A parameter estimation algorithm for multiple frequency-hopping signals based on compressed sensing

Abstract In this paper, a parameter estimation algorithm for wideband multiple FH (multi-FH) signals based on compressed sensing (CS) is proposed. Our proposed algorithm is aiming at the condition of existing synchronous and asynchronous frequency-hopping (FH) signals, and meanwhile considering the frequency switching time. Firstly, by segmenting the received signals into several compressed measurement signals, the sparsity is estimated through the compressed spectrum sensing algorithm without reconstructing signals. Secondly, the improved orthogonal matching pursuit (OMP) algorithm is used to the roughly estimate the frequency of multi-FH signals, and the frequency is accurately estimated by frequency clustering algorithm, then the hopping time and hopping speed are roughly estimated through time–frequency analysis.
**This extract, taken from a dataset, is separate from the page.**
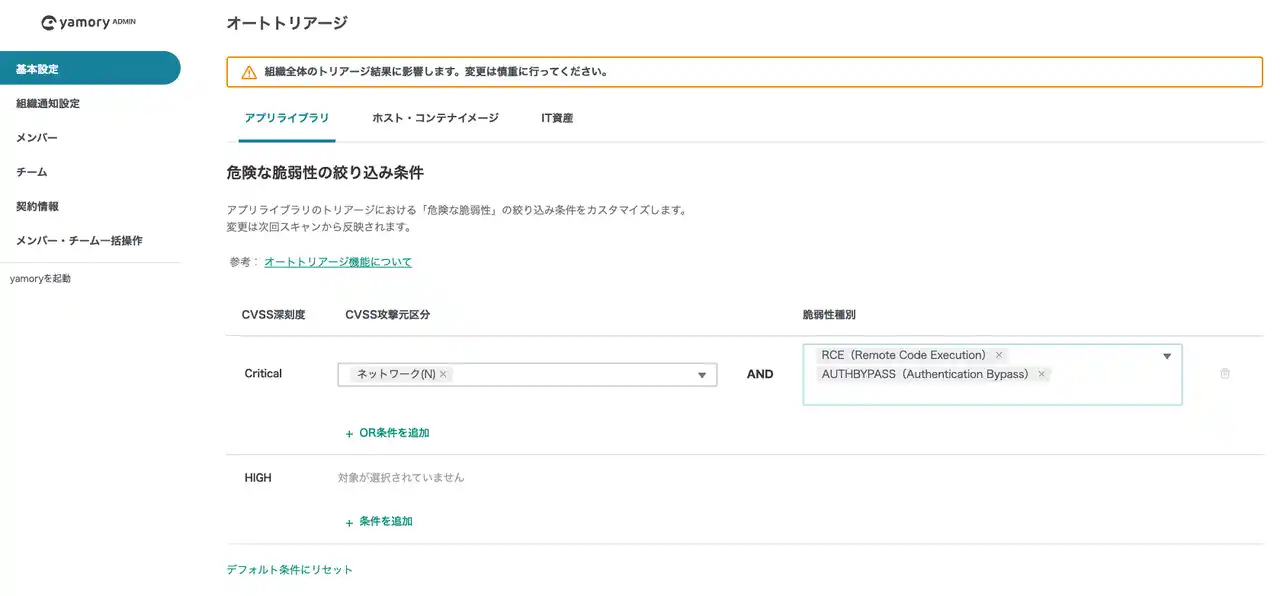 yamoryはこれまで、「オートトリアージ機能」により脆弱性対応の優先度判断における効率化を推進してきました。セキュリティリスクが多様化する現代において、「オートトリアージ機能」による標準的な評価に加え、各組織の固有な環境やリスク許容度に基づいたより効率的な運用を実現するため、本機能の開発に至りました。 |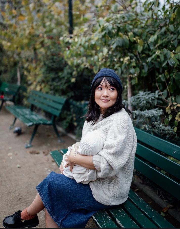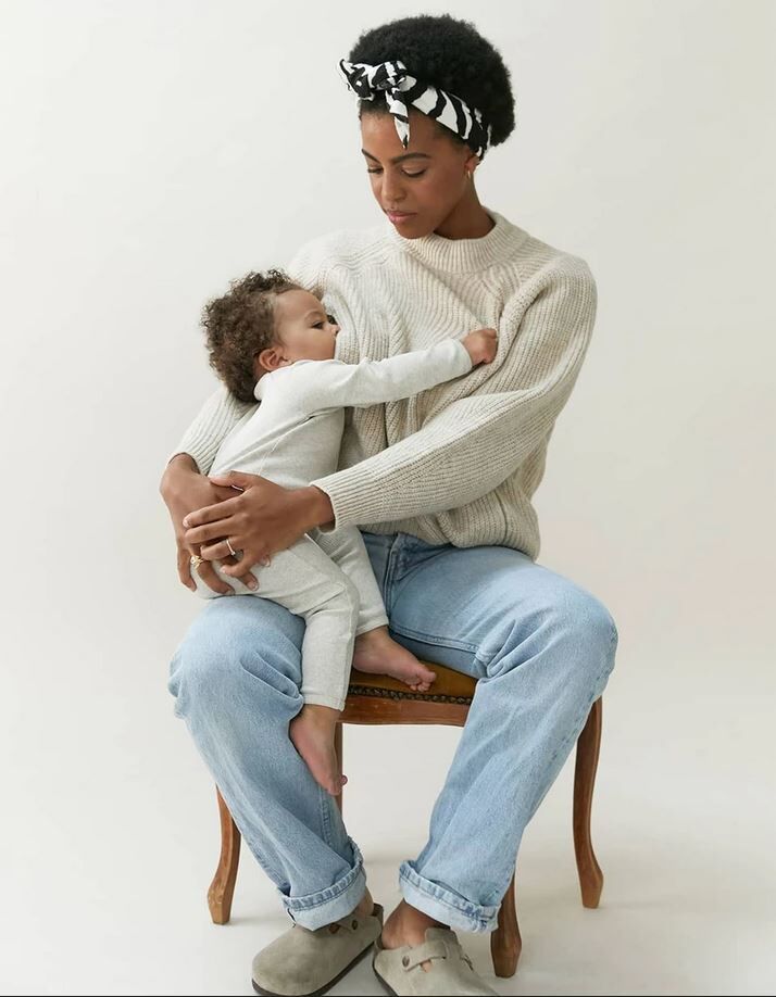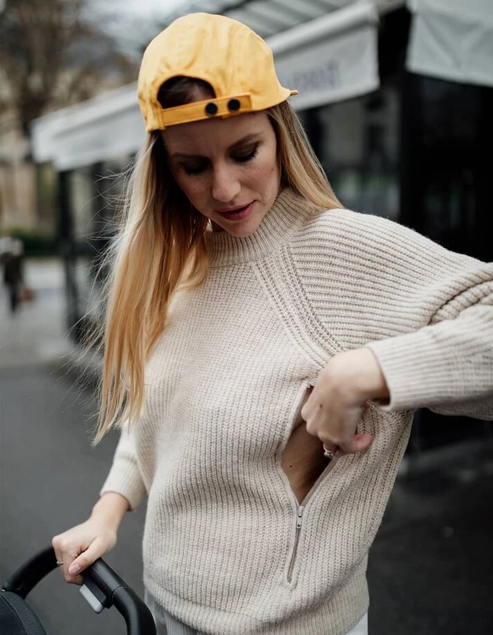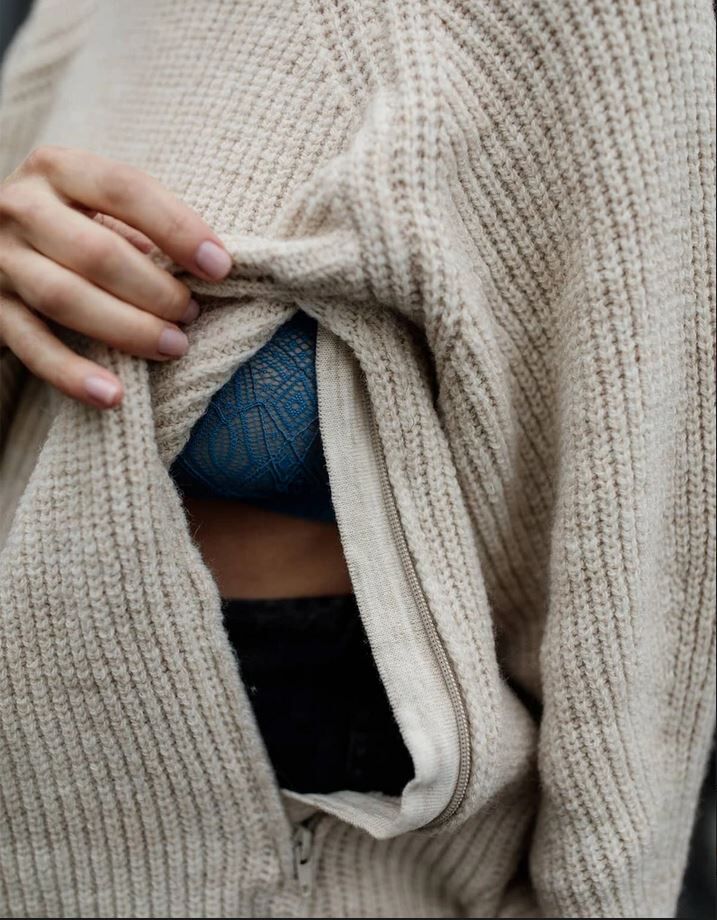 Een beige voedingstrui, met liefde gemaakt in Italië. Het gaas is dik genoeg om de koude momenten door te brengen en overal en altijd borstvoeding te geven. Je hoeft je niet meer bij -10 graden uit te kleden om je baby te kunnen voeden 🥰

Finally, inspired by the traditional sliding window algorithm, the adaptive sliding window (ASW) algorithm is proposed, which can adaptively adjust the window length and step size so as to increase the accuracy of the hopping time and hopping speed estimation. Numerical simulations demonstrate that the algorithm proposed in this paper can precisely estimate the parameters of multi-FH signals at low signal-to-noise ratio (SNR) and can significantly reduce the algorithm complexity.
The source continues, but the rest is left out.